**Excerpted data**
○ ○ ○ ○
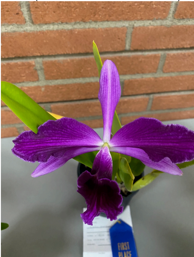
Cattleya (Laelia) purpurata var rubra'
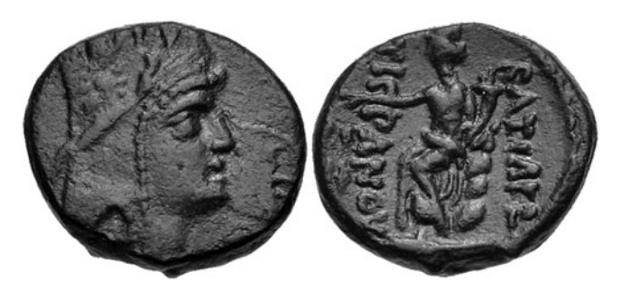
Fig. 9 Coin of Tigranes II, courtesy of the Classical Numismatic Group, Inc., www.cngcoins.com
○ ○ ○ ○
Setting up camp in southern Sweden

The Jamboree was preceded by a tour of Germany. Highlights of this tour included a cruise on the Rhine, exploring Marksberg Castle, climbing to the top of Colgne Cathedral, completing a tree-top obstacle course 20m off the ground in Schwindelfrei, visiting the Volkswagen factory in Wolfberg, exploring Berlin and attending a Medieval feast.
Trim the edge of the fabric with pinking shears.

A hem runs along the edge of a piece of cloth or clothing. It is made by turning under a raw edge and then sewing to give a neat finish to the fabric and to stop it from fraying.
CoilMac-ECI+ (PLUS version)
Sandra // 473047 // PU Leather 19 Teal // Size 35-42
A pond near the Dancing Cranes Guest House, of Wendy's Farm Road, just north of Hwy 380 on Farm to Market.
○ ○ ○ ○
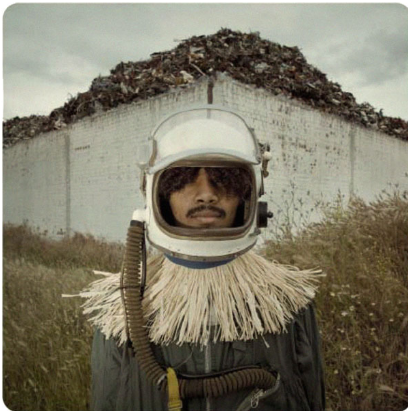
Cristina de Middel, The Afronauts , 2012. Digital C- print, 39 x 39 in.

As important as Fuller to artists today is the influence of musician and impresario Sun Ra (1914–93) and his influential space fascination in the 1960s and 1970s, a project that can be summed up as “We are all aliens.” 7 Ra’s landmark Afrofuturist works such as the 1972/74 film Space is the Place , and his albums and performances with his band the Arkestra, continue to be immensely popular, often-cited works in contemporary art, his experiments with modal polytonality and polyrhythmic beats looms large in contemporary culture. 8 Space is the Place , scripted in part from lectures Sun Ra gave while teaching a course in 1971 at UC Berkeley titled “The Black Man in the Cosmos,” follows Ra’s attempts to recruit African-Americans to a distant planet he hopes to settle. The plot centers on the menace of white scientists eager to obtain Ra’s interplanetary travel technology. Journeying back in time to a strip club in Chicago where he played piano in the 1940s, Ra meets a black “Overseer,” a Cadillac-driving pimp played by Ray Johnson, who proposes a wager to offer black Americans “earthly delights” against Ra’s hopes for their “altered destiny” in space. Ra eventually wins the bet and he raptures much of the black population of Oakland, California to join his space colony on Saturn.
○ ○ ○ ○
**Action item**
Count up the lines above that include the string "course" and report nothing but that number.

**Exercise solution**
2